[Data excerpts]
>>>
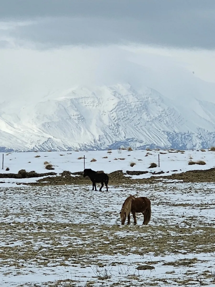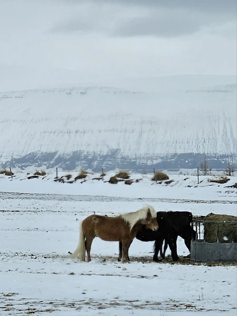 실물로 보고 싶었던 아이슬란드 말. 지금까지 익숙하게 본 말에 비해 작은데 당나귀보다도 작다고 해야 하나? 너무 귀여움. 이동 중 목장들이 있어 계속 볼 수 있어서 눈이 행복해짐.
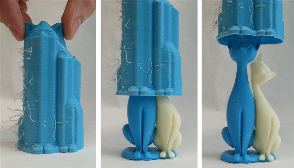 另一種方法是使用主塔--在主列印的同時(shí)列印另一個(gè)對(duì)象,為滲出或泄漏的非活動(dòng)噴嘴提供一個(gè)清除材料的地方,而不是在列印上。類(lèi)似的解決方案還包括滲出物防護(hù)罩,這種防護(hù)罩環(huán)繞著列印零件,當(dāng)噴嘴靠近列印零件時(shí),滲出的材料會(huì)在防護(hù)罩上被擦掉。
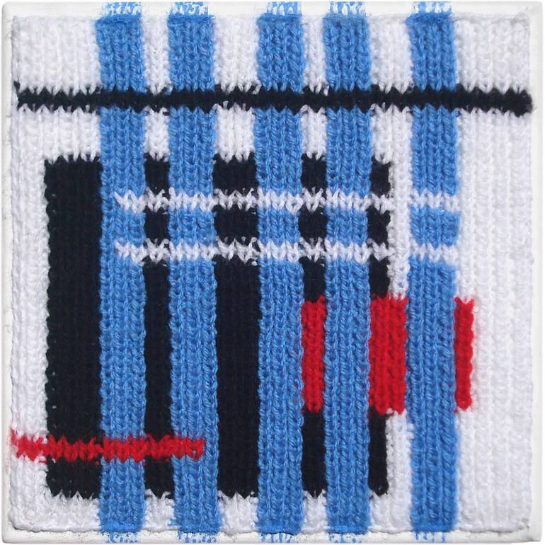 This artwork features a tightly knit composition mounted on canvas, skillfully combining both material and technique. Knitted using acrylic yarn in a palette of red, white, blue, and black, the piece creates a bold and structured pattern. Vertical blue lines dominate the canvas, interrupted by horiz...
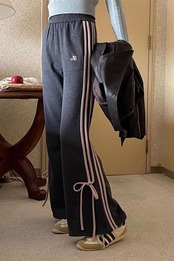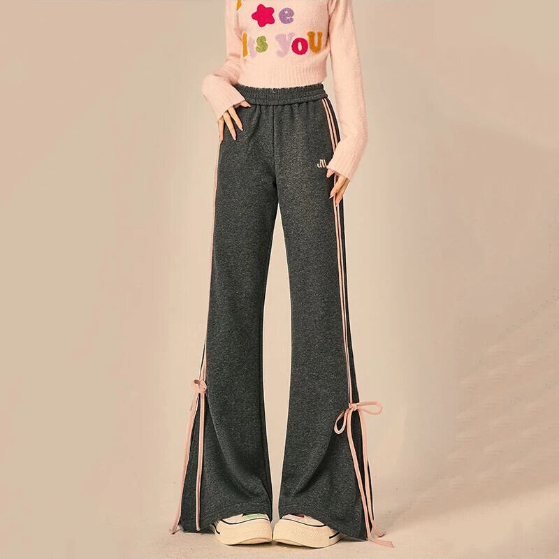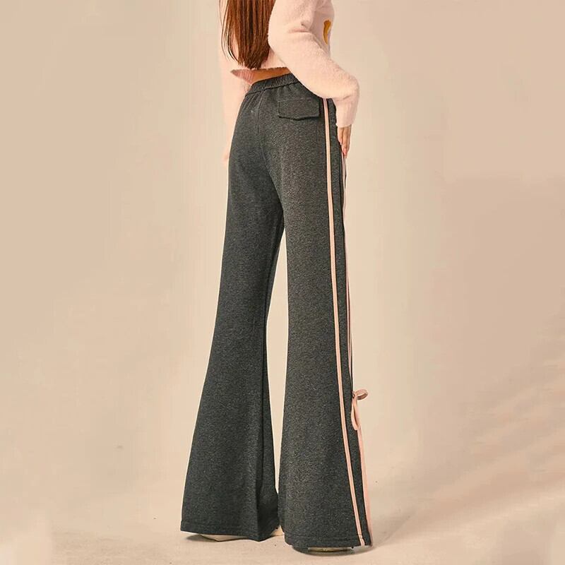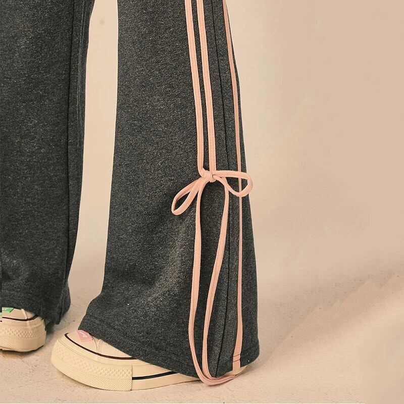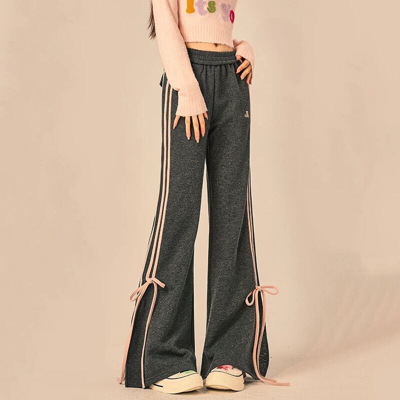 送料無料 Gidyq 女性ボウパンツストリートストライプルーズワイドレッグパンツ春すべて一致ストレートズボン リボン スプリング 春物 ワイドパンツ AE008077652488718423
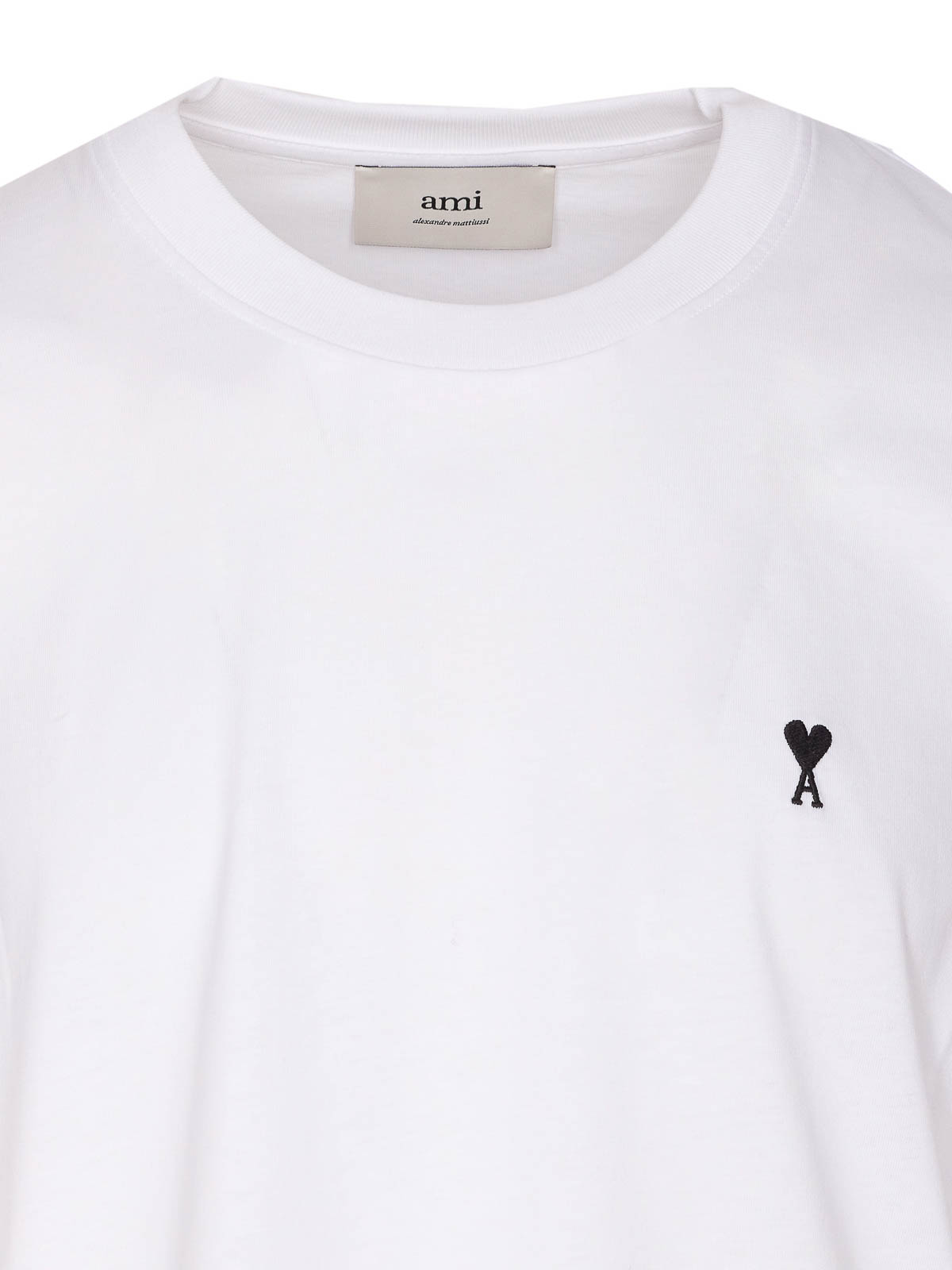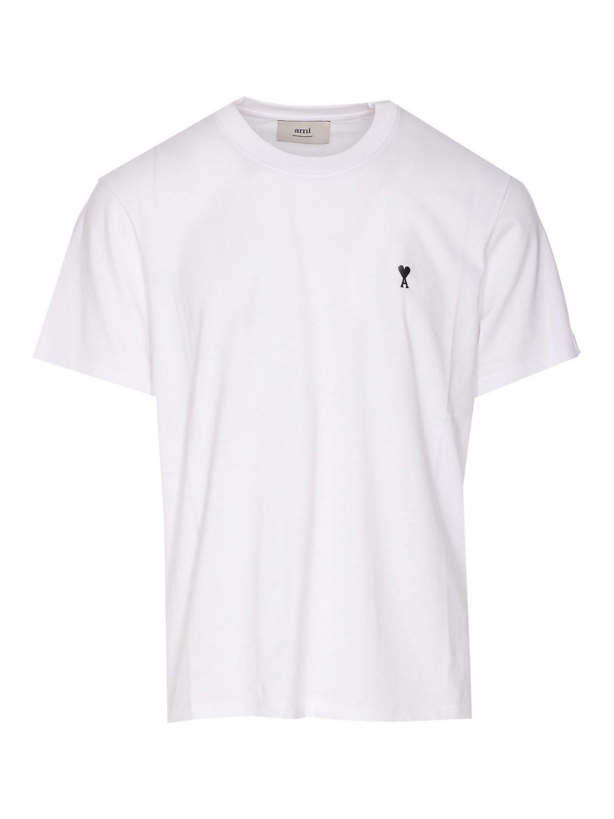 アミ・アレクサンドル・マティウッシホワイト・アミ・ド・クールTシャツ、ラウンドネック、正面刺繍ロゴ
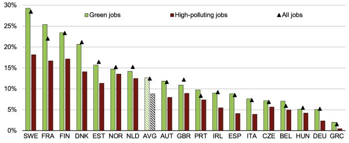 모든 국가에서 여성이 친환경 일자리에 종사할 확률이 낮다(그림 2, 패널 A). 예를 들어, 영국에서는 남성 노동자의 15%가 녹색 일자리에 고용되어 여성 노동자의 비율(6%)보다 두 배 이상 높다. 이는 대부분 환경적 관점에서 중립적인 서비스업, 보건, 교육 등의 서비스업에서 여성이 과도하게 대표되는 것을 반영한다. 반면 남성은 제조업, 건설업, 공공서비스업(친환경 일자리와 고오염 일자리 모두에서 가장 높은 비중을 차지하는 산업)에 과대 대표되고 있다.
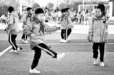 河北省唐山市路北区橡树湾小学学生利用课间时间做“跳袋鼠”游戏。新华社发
<<<
- What the task requires -
Reproduce the lines of the data that run from the one containing "This artwork features" to the final line, both included, exactly as they appear and without the pictures.

- Task solution -
 This artwork features a tightly knit composition mounted on canvas, skillfully combining both material and technique. Knitted using acrylic yarn in a palette of red, white, blue, and black, the piece creates a bold and structured pattern. Vertical blue lines dominate the canvas, interrupted by horiz...
 送料無料 Gidyq 女性ボウパンツストリートストライプルーズワイドレッグパンツ春すべて一致ストレートズボン リボン スプリング 春物 ワイドパンツ AE008077652488718423
 アミ・アレクサンドル・マティウッシホワイト・アミ・ド・クールTシャツ、ラウンドネック、正面刺繍ロゴ
 모든 국가에서 여성이 친환경 일자리에 종사할 확률이 낮다(그림 2, 패널 A). 예를 들어, 영국에서는 남성 노동자의 15%가 녹색 일자리에 고용되어 여성 노동자의 비율(6%)보다 두 배 이상 높다. 이는 대부분 환경적 관점에서 중립적인 서비스업, 보건, 교육 등의 서비스업에서 여성이 과도하게 대표되는 것을 반영한다. 반면 남성은 제조업, 건설업, 공공서비스업(친환경 일자리와 고오염 일자리 모두에서 가장 높은 비중을 차지하는 산업)에 과대 대표되고 있다.
 河北省唐山市路北区橡树湾小学学生利用课间时间做“跳袋鼠”游戏。新华社发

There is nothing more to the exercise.